Pope Francis leads the Good Friday Way of the Cross in Rome’s Colosseum April 19, 2019. People following the Stations of the Cross at the Colosseum this year will find a message of hope, including with a Russian and Ukrainian family carrying a cross together at the nighttime ceremony. (CNS photo/Paul Haring)
By Cindy Wooden – The head of the Ukrainian Catholic Church asked Pope Francis to scrap plans to have a Ukrainian woman and a Russian woman carry the cross together during the pope’s Way of the Cross service at Rome’s Colosseum on April 15.
Archbishop Sviatoslav Shevchuk, major archbishop of the Ukrainian Catholic Church, said on April 12, “I consider such an idea untimely, ambiguous and such that it does not take into account the context of Russia’s military aggression against Ukraine.”
For Eastern Catholics in Ukraine, he said, “the texts and gestures of the 13th station of this Way of the Cross are incoherent and even offensive, especially in the context of the expected second, even bloodier attack of Russian troops on our cities and villages.”

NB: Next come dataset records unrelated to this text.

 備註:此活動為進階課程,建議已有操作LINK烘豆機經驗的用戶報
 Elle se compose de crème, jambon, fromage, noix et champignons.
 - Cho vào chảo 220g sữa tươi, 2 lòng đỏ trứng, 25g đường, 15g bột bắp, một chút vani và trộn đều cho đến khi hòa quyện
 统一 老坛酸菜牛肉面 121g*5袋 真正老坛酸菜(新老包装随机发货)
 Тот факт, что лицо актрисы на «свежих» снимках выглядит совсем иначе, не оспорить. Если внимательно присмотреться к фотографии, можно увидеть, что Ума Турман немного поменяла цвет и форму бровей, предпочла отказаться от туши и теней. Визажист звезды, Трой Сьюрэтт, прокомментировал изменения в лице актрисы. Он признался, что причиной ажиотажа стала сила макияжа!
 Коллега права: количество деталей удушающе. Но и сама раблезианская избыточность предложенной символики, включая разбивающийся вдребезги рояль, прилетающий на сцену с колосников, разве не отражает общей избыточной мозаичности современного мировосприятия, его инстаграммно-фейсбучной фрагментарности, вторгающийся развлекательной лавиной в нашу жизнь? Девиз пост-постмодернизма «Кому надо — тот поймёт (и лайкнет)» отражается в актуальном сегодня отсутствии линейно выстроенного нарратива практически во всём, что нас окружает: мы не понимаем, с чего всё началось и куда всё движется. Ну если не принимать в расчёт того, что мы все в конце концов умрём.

The meditation for the 13th station, which the Vatican said was written by a Ukrainian family and a Russian family, speaks of “death everywhere” and asks, “Where are you, Lord? Where are you hiding? We want our life back as before. Why all of this? What wrong did we do? Why have you forsaken us? Why have you forsaken our peoples?”
But it also ponders “how difficult it will be to reconcile ourselves to all this. Lord, where are you? Speak to us amid the silence of death and division, and teach us to be peacemakers, brothers and sisters, and to rebuild what bombs tried to destroy.”

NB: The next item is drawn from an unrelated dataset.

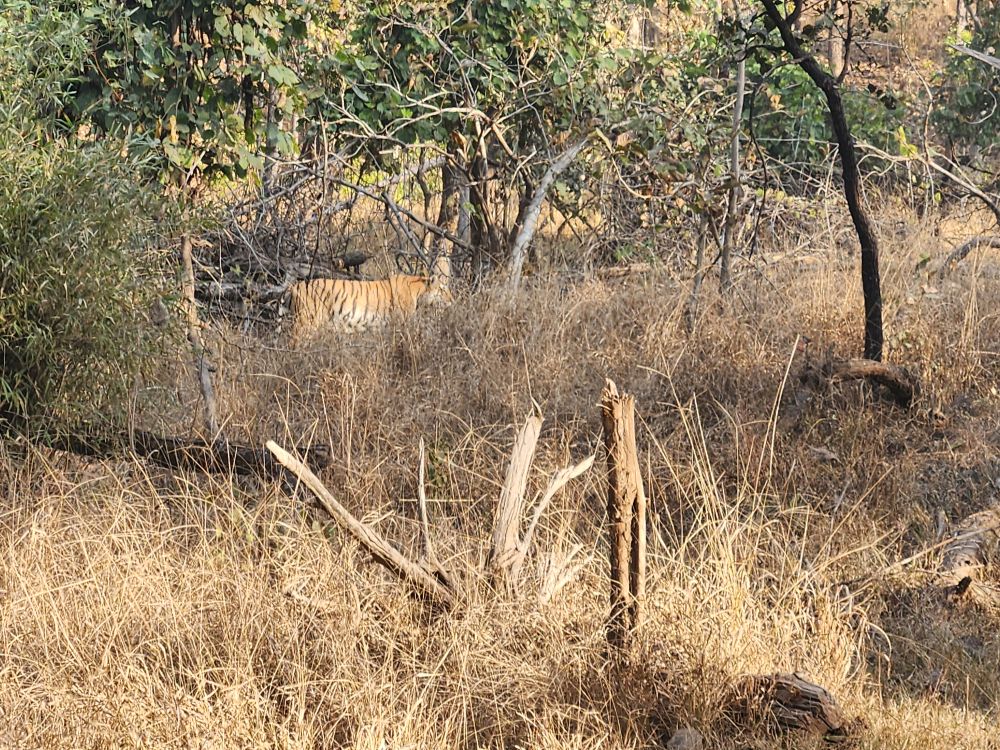 As we rode, both the guide and Flemming gave us tons of information: I kept hearing this noise I thought was a bird, but it was actually a squirrel; there are only 50 jeeps allowed in park per day – 37 at Turia (which is our gate), 7 and 6, respectively at the two other core zone gates, Karmajhiri and Jamtara. As mentioned before, Flemming was really good at hearing the deer or the monkeys (or whatever!) sound out their alarm calls that a tiger was nearby. And our guide was incredibly good at knowing where the alarms were coming from, then directing the driver to head in that direction. So good our team was, in fact, we saw a tiger!!! Yes! Finally!

People gather outside Rome’s Colosseum April 19, 2019, before Pope Francis leads the Way of the Cross. People following the Stations of the Cross at the Colosseum this year will find a message of hope, including with a Russian and Ukrainian family carrying a cross together at the nighttime ceremony. (CNS photo/Paul Haring)
Before Archbishop Shevchuk issued his statement, Andrii Yurash, Ukraine’s ambassador to the Holy See, had tweeted that his embassy “understands and shares the general concern in Ukraine and many other communities” about the idea of bringing a Ukrainian and a Russian together to carry the cross at the service.
“Now we are working on the issue, trying to explain (the) difficulties of its realisation and possible consequences,” he tweeted.
The statement from Archbishop Shevchuk’s office said he, too, “conveyed to the Vatican the numerous negative reactions of many bishops, priests, monks and nuns, and laity who are convinced that gestures of reconciliation between our peoples will be possible only when the war is over and those guilty of crimes against humanity are justly condemned.”
“I hope that my request, the request of the faithful of our church, the request of the faithful of the Roman Catholic Church in Ukraine will be heard,” the archbishop said.
Archbishop Visvaldas Kulbokas, apostolic nuncio to Ukraine, told the Catholic magazine Credo April 12 he had conveyed the reactions to the Vatican.
He said he would not have organised the Way of the Cross in this manner, noting: “Reconciliation must come when aggression is stopped, when Ukrainians will be able not only to save their lives but also their freedom. And, of course, we know that reconciliation occurs when the aggressor admits their guilt and apologises.”
He also said it was possible the Vatican would change its plan: “Let us wait and see the final version.”